■ Task: Give again, word for word, the lines below that run from the line with "Кровать чердак со" through the line with "1. This leopard". Drop the pictures.

■ Data for processing:
·····

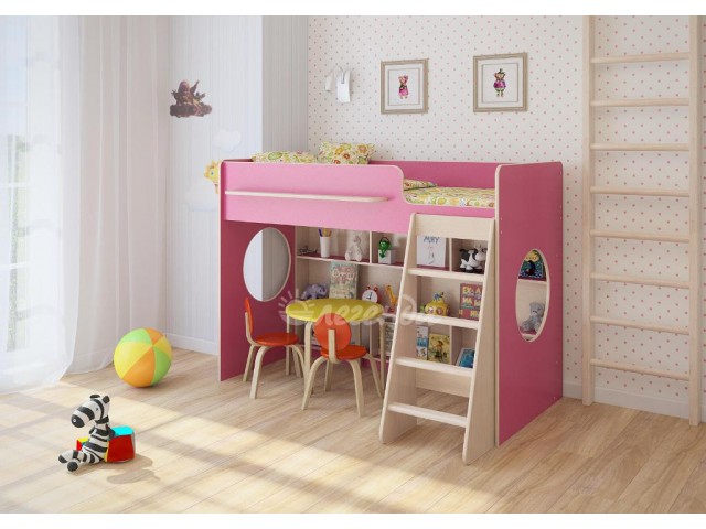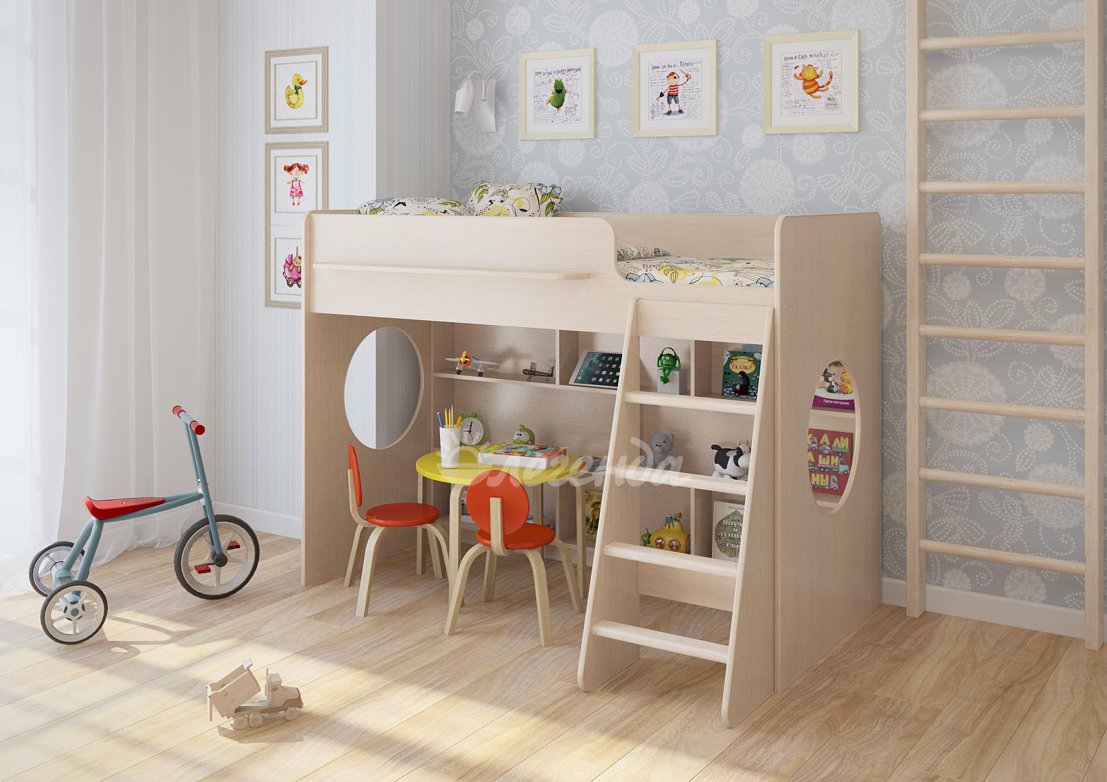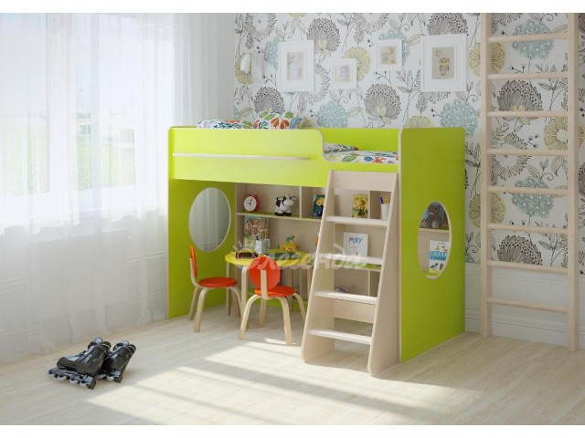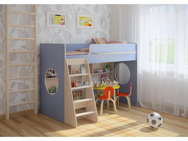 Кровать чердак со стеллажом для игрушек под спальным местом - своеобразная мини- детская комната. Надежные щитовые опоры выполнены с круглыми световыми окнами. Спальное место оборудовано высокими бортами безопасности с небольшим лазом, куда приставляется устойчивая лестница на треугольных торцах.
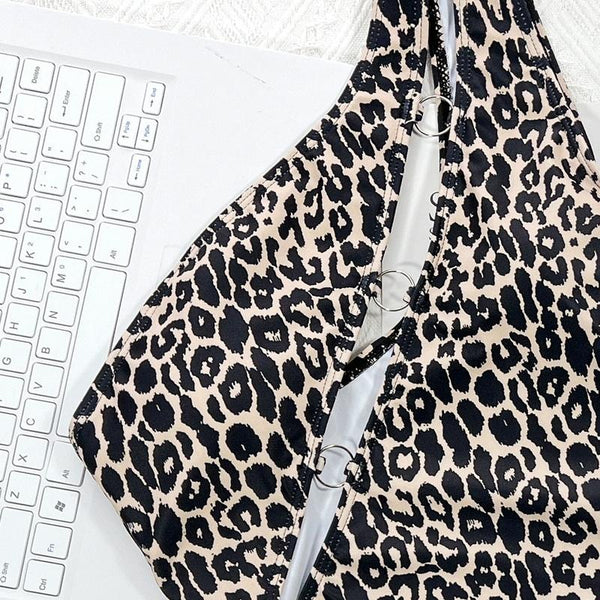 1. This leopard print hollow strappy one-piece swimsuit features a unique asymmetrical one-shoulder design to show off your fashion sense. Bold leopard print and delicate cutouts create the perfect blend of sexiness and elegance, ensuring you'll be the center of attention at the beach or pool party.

·····

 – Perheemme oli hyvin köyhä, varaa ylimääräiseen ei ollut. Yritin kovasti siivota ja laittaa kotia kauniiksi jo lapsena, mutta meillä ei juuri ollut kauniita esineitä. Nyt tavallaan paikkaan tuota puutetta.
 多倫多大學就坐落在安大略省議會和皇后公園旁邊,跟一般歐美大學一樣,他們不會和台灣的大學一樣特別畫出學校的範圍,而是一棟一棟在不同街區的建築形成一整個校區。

·····

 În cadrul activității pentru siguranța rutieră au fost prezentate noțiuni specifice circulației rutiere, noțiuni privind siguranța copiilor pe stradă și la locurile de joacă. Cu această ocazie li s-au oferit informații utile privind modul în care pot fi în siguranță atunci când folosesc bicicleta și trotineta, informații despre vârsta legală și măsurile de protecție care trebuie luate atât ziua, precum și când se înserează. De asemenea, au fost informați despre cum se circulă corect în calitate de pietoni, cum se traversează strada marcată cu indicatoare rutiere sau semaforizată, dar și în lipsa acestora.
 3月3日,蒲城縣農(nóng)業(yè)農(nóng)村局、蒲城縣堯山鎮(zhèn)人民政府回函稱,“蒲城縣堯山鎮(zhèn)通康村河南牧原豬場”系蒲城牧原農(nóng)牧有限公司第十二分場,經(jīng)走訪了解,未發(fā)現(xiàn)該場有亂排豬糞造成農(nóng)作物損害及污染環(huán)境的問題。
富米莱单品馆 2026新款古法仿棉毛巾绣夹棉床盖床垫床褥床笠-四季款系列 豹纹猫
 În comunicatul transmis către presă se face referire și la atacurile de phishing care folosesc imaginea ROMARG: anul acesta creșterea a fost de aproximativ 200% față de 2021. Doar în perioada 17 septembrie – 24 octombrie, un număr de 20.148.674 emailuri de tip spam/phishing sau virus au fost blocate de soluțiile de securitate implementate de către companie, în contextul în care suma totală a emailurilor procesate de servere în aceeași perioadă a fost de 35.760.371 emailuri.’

·····

■ Response area:
 Кровать чердак со стеллажом для игрушек под спальным местом - своеобразная мини- детская комната. Надежные щитовые опоры выполнены с круглыми световыми окнами. Спальное место оборудовано высокими бортами безопасности с небольшим лазом, куда приставляется устойчивая лестница на треугольных торцах.
 1. This leopard print hollow strappy one-piece swimsuit features a unique asymmetrical one-shoulder design to show off your fashion sense. Bold leopard print and delicate cutouts create the perfect blend of sexiness and elegance, ensuring you'll be the center of attention at the beach or pool party.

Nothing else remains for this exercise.